Dropout is mostly used in computer vision applications, where the input data is usually high-dimensional. It is not commonly used in natural language processing (NLP) tasks, as the input data is usually sparse and dropout may lead to significant information loss.

One downside of dropout is that the cost function is no longer well-defined. This is because the activations are randomly dropped out during training, which means that the cost is a random variable. Therefore, the cost function is computed as the average of the cost over multiple iterations of the training process. Since the cost function is no longer well-defined, the cost cannot be used to monitor the training process (e.g. to check for convergence or reduction in cost over many iterations). In this case, we usually set keep_prob to 1 during training and only apply dropout during testing.

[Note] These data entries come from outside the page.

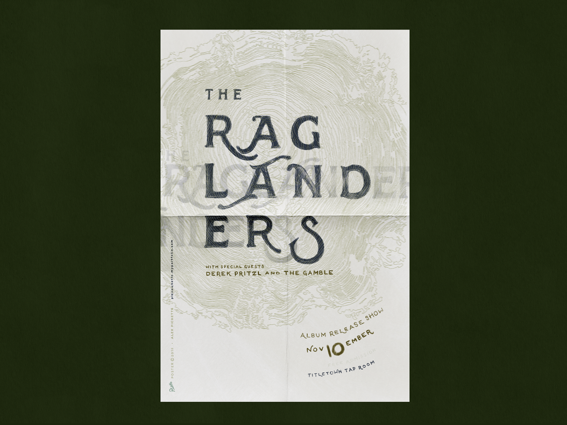 Concert poster for The Raglanders album release show, hosted by Titletown Brewing Co., Green Bay, WI.
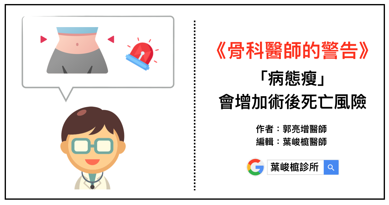 骨科醫師的警告:「病態瘦」會增加術後死亡風險… 1 則留言 / 新陳代謝 (Metabolism), 體重管理 (Weight management) / 葉峻榳 肥胖,容易出現髖關節、膝關節退化問題 ; 臨床上,接受(髖、膝)關節置換手術的病人中,很多也有體重過重的問題。 […] 骨科醫師的警告:「病態瘦」會增加術後死亡風險… 閱讀全文 »
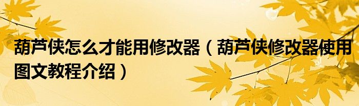 葫芦侠修改器怎么用:
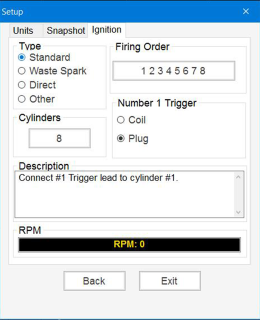 It is important that you choose the ignition system type first, as other settings are dependent on this selection.
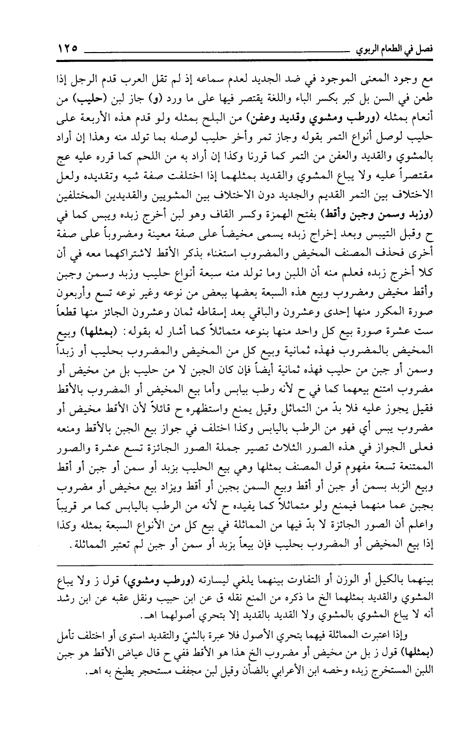 مع وجود المعنى الموجود في ضد الجديد لعدم سماعه إذ لم تقل العرب قدم الرجل إذا طعن في السنن بل كبر بكسر الباء واللغة يقتصر فيها على ما ورد (و) جاز لبن (حليب) من أنعام بمثله (ورطب ومشوي وقديد وعفن) من البلح بمثله ولو قدم هذه الأربعة على حليب لوصل أنواع التمر بقوله وجاز تمر وأخر حليب لوصله بما تولد منه وهذا إن أراد بالمشوي والقديد والعفن من التمر كما قررنا وكذا إن أراد به من اللحم كما قرره عليه عج مقتصرًا عليه ولا يباع المشوي والقديد بمثلهما إذا اختلفت صفة شيه وتقديده ولعل الاختلاف بين التمر القديم والجديد دون الاختلاف بين المشويين والقديدين المختلفين (وزبد وسمن وجبن وأقط) بفتح الهمزة وكسر القاف وهو لبن أخرج زبده ويبس كما في ح وقبل التيبس وبعد إخراج زبده يسمى مخيضًا على صفة معينة ومضروبًا على صفة أخرى فحذف المصنف المخيض والمضروب استغناء بذكر الأقط لاشتراكهما معه في أن كلا أخرج زبده فعلم منه أن اللبن وما تولد منه سبعة أنواع حليب وزبد وسمن وجبن وأقط مخيض ومضروب وبيع هذه السبعة بعضها ببعض من نوعه وغير نوعه تسع وأربعون صورة المكرر منها إحدى وعشرون والباقي بعد إسقاطه ثمان وعشرون الجائز منها قطعًا ست عشرة صورة بيع كل واحد منها بنوعه متماثلًا كما أشار له بقوله: (بمثلها) وبيع المخيض بالمضروب فهذه ثمانية وبيع كل من المخيض والمضروب بحليب أو زبدًا وسمن أو جبن من حليب فهذه ثمانية أيضًا فإن كان الجبن لا من حليب بل من مخيض أو مضروب امتنع بيعهما كما في ح لأنه رطب بيابس وأما بيع المخيض أو المضروب بالأقط فقيل يجوز عليه فلا بد من التماثل وقيل يمنع واستظهره ح قائلًا لأن الأقط مخيض أو مضروب يبس أي فهو من الرطب باليابس وكذا اختلف في جواز بيع الجبن بالأقط ومنعه فعلى الجواز في هذه الصور الثلاث تصير جملة الصور الجائزة تسع عشرة والصور الممتنعة تسعة مفهوم قول المصنف بمثلها وهي بيع الحليب بزبد أو سمن أو جبن أو أقط وبيع الزبد بسمن أو جبن أو أقط وبيع السمن بجبن أو أقط ويزاد بيع مخيض أو مضروب بجبن عما منهما فيمنع ولو متمائلًا كما يفيده ح لأنه من الرطب باليابس كما مر قريبًا واعلم أن الصور الجائزة لا بد فيها من المماثلة في بيع كل من الأنواع السبعة بمثله وكذا إذا بيع المخيض أو المضروب بحليب فإن بيعًا بزبد أو سمن أو جبن لم تعتبر المماثلة.
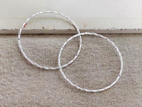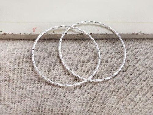 2 of 925 Sterling Silver Hammered Circle Closed Rings, Connectors 40x1.2mm.

### 4.6 Vanishing and Exploding Gradients
The vanishing gradient problem occurs when the gradients become increasingly smaller as the number of layers increases. This is due to the repeated multiplication of small numbers (the gradients) in the backpropagation process. Consequently, the weights in the earlier layers are updated very slowly, which leads to a slow training process.

On the other hand, the exploding gradient problem occurs when the gradients become increasingly larger as the number of layers increases. This is due to the repeated multiplication of large numbers (the gradients) in the backpropagation process. Consequently, the weights in the earlier layers are updated very quickly, which leads to an unstable training process.

### 4.7 Weight Initialization for Deep Networks
The choice of weight initialization method can have a significant impact on the training process of a deep neural network. A good initialization method should ensure that the weights are initialized to small values that are close to zero. This helps to partially alleviate the vanishing and exploding gradient problems.

#### 4.7.1 Xavier Initialization
Xavier initialization is a popular weight initialization method that is commonly used in deep neural networks. It involves initializing the weights to random values that are sampled from a uniform distribution with a mean of zero and a variance of $\frac{1}{n^{[l-1]}}$, where $n^{[l-1]}$ is the number of units in the previous layer. This ensures that the weights are initialized to small values that are close to zero.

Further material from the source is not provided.